The three options are: 1) floating currency chaos; 2) a unified system based on some floating-fiat central bank, exemplified by the eurozone and ECB; 3) a unified system based on gold.
By a “unified system,” I mean a system in which currency exchange rates are fixed. This is already common: most of the governments in the world fix their currencies’ exchange rates to one of the major international currencies, such as the dollar or euro. They form “currency blocs.” (A shared currency, like the euro, is a variant on the principle.) These currency blocs are often formed via ill-designed “currency pegs,” rather than reliable currency boards, and, as a consequence, often fail. But, nevertheless, a fixed exchange rate is the policy goal, even if it is not always achieved.
The world always had a “unified system,” based on gold and silver, and then, by the late nineteenth century, based on gold alone. The whole world was one “currency bloc” based on gold.

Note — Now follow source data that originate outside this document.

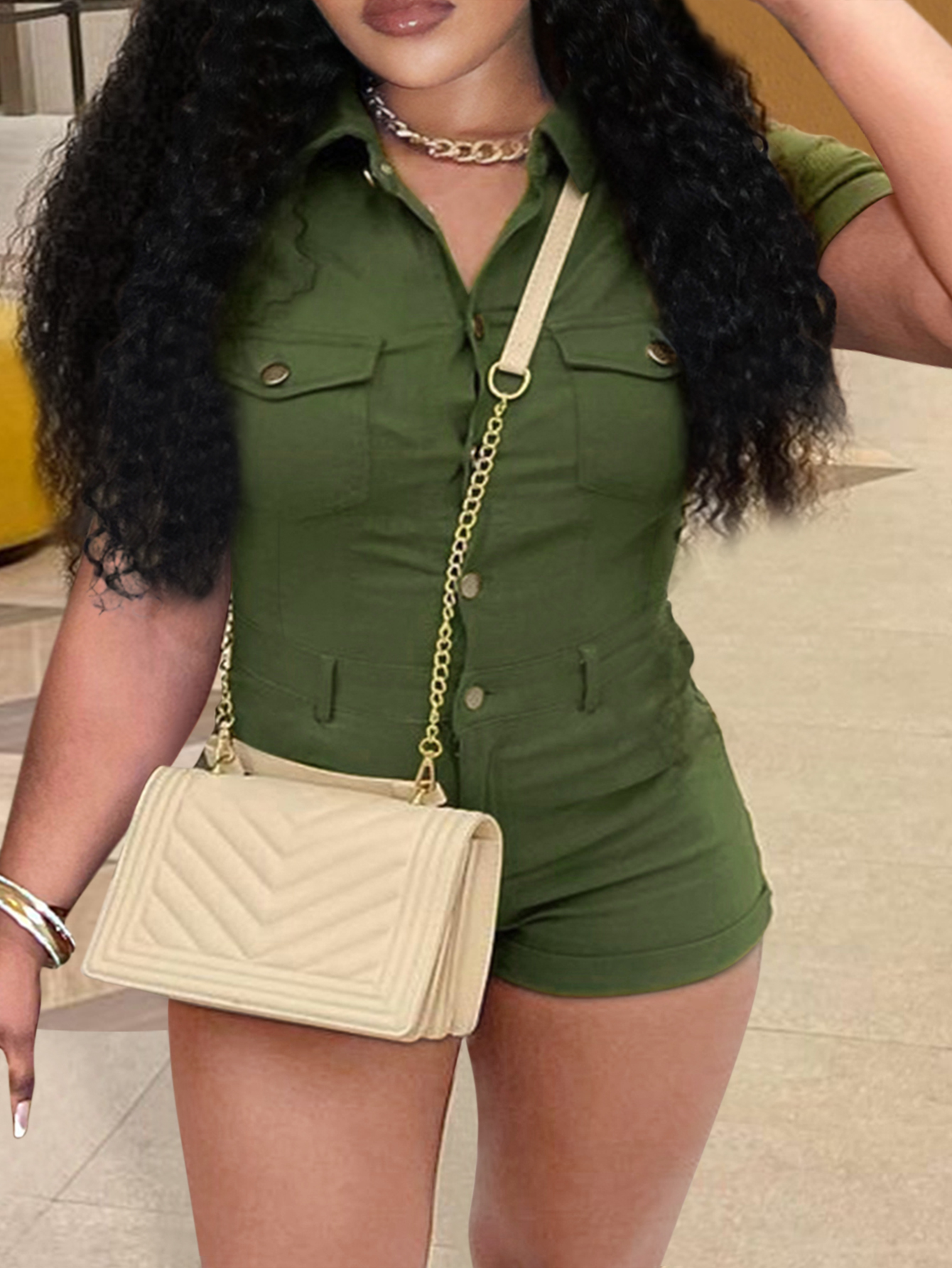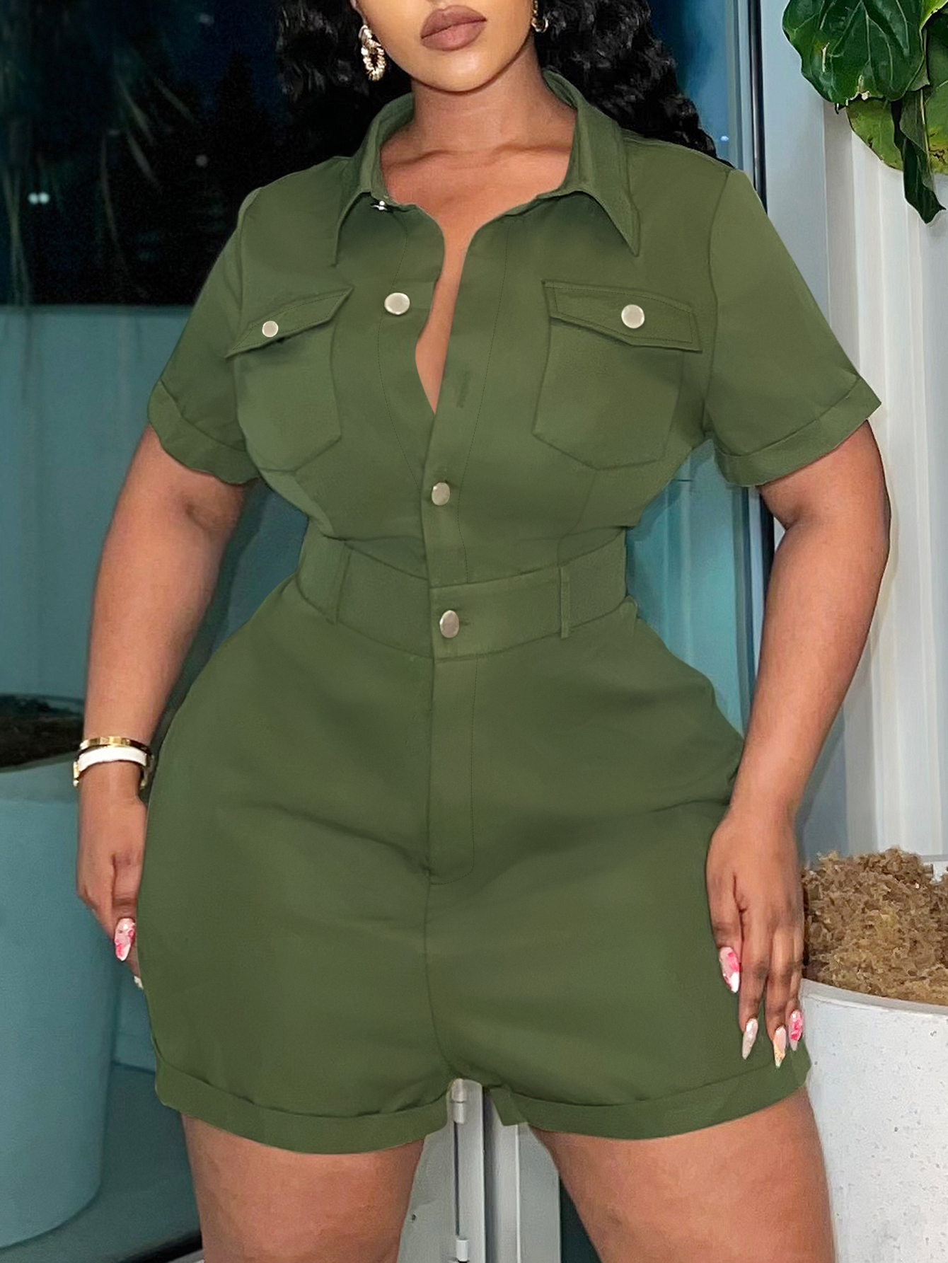 Buy LW Plus Size Button Pocket Design Cargo Romper for $22.19 at @ Lovelywholesale.com
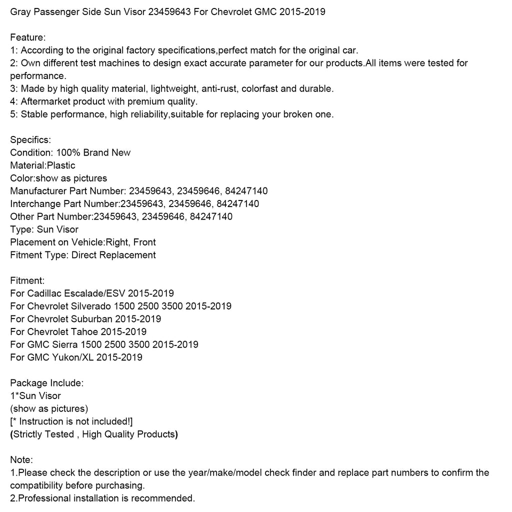 Gray Right Side Sun Visor 23459643 For Chevrolet GMC 2014-2019
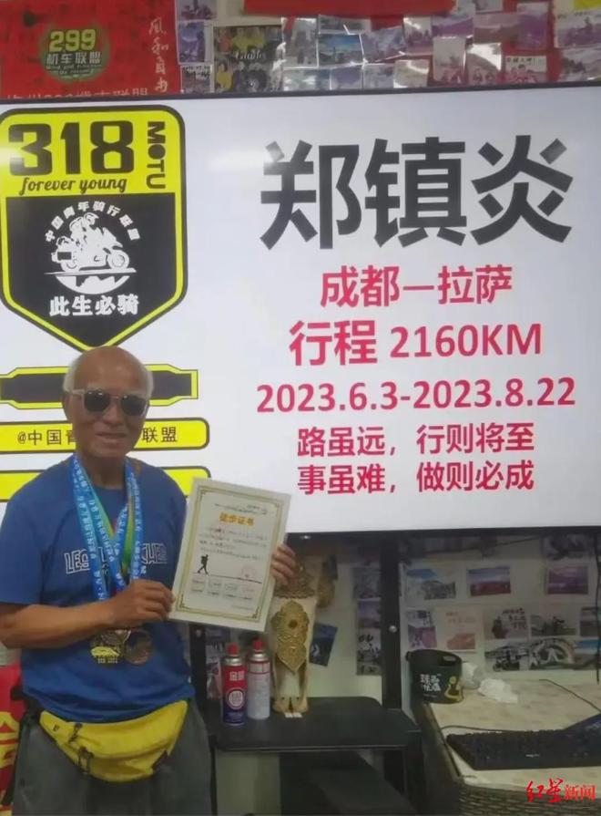 2023年,他从成都出发,沿著有“中国景观大道”之称的G318国道,用时82天,徒步2160公里,抵达拉萨。可以想像,这对年逾古稀者,是多么大的挑战。过程中,他要翻过13座高逾4000米的山峰,其中有两座更高逾5000米,过程中,需要克服高山反应。这次旅程,令郑镇炎终生难忘。
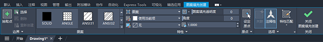 注: 选择图案填充对象,即会显示“图案填充编辑器”功能区选项卡。此选项与“图案填充创建”功能区选项卡非常相似。
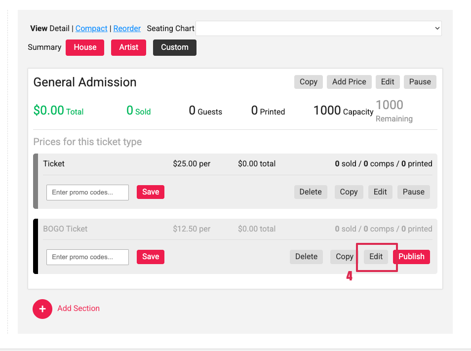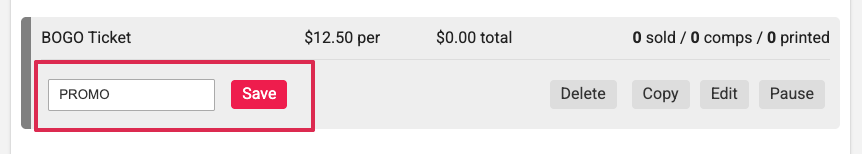 Promotional offers like Buy One Get One Free, Buy One Get One Half Off, or 4-pack bundles are great ways to drive volume, but they require a slightly different setup than standard ticket pricing.

Exchange rates were fixed.
A unified system based on some central floating-fiat currency, managed by a world central bank, is much the same idea, but on the “PhD standard” rather than the “gold standard.” The euro and ECB are an example of the principle. If all the countries in the world linked their currencies to the euro, via a currency board for example, we would have Option Two.
“Floating fiat chaos” – many currencies going up and down independently and chaotically – is our present state of affairs. It is generally regarded as problematic and destructive, which is why most governments avoid it as much as possible, preferring instead to belong to some shared currency bloc. One purpose of the euro and eurozone was for Europe to achieve a way to avoid this mess.
By the end of the 1930s, the world had largely descended into “floating fiat chaos.” A series of devaluations during that decade led to floating currencies worldwide, and various capital controls. This was such a mess that, at a meeting at Bretton Woods, New Hampshire in 1944, the Allied governments decided that it was not acceptable for the postwar period.